Вскоре мы перестали терять наши сокровища, отдавая их ветру. Все началось с большого: дома оставались невредимыми. Часовая стрелка на башне никуда не исчезла. Затем наступило время и для малого: вроде листков бумаги или лепестков цветов. Я была удивлена тому, как много цветков сохранялось на деревьях нетронутыми.
Ветер не ожидал, что его жертвы смогут освоиться и дать отпор.
Когда погода наконец поняла, что ее перехитрили, присвоив имена всем ее явлениям, тогда ветер стал охотиться за людьми погоды. Потому что хищник всегда должен нападать. А что же люди погоды? Когда они становились достаточно легкими, то поднимались в облака и оттуда, сверху, отталкивали погоду.
– Через отверстие, которое остается после них, – шепчет Вэрил, и я в полудреме едва слышу ее слова, – можно увидеть небо, оно такое же голубое, каким было когда-то наше старое джинсовое платье.

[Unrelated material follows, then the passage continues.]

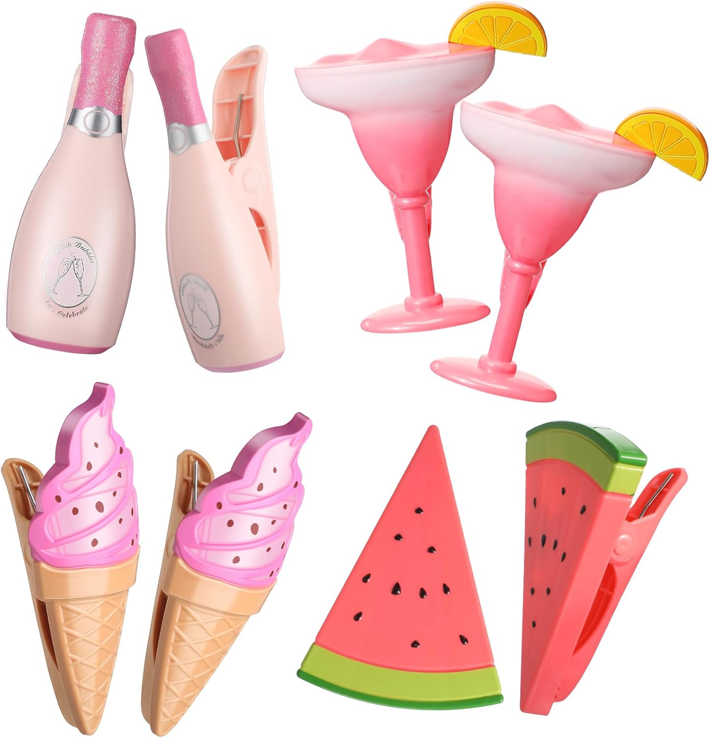- Cute and Funny: the decorative beach towel clips adopt champagne glass, gradient margarita glass, ice cream, and watermelon styles, look cute and funny, you can use them to clip clothing, towels, and bedding

Клиффуотч теперь разрушен, вместо крыши – зияющая дыра, будто серое небо может лучше справиться с ролью крова.
Мы, как крысы, взбираемся по стенам здания, ищем сокровища. Хотим отыскать частичку Лиллит.

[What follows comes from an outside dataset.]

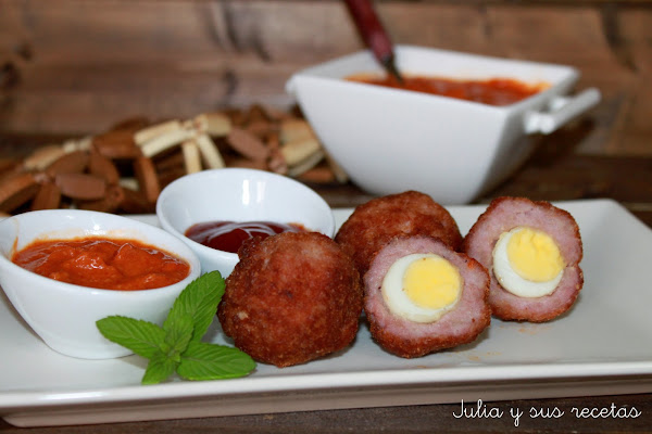 Los huevos a la escocesa es un plato que generalmente se sirve frío, es un huevo cocido al que se le ha quitado la piel y se ha recubierto con carne de salchichas picada finamente, rebozado en pan rallado y frito.

Мы смотрим на океан сквозь дыры, на месте которых когда-то были стены. Мы крадемся по дому, с того момента, когда мы приходили сюда в последний раз, он еще сильнее наклонился к воде и все настойчивее упрашивает ветер предать его опустевший остов морю.
Вэрил стоит и наблюдает за всем в одиночестве. Она молчит. Она больше всех скучает по Лиллит.
Мы с Маммой собираем в корзины петли и ручки от дверей, щеколды и замки. Люди коллекционируют их как память. На некоторых написаны названия разных штормов: "Кучевой" – из-за которого в ушах начинает звенеть, а затем барабанные перепонки взрываются; "Горечь" – во время этого шторма ветер дует, не переставая, пока не сметет всех, кто станет у него на пути.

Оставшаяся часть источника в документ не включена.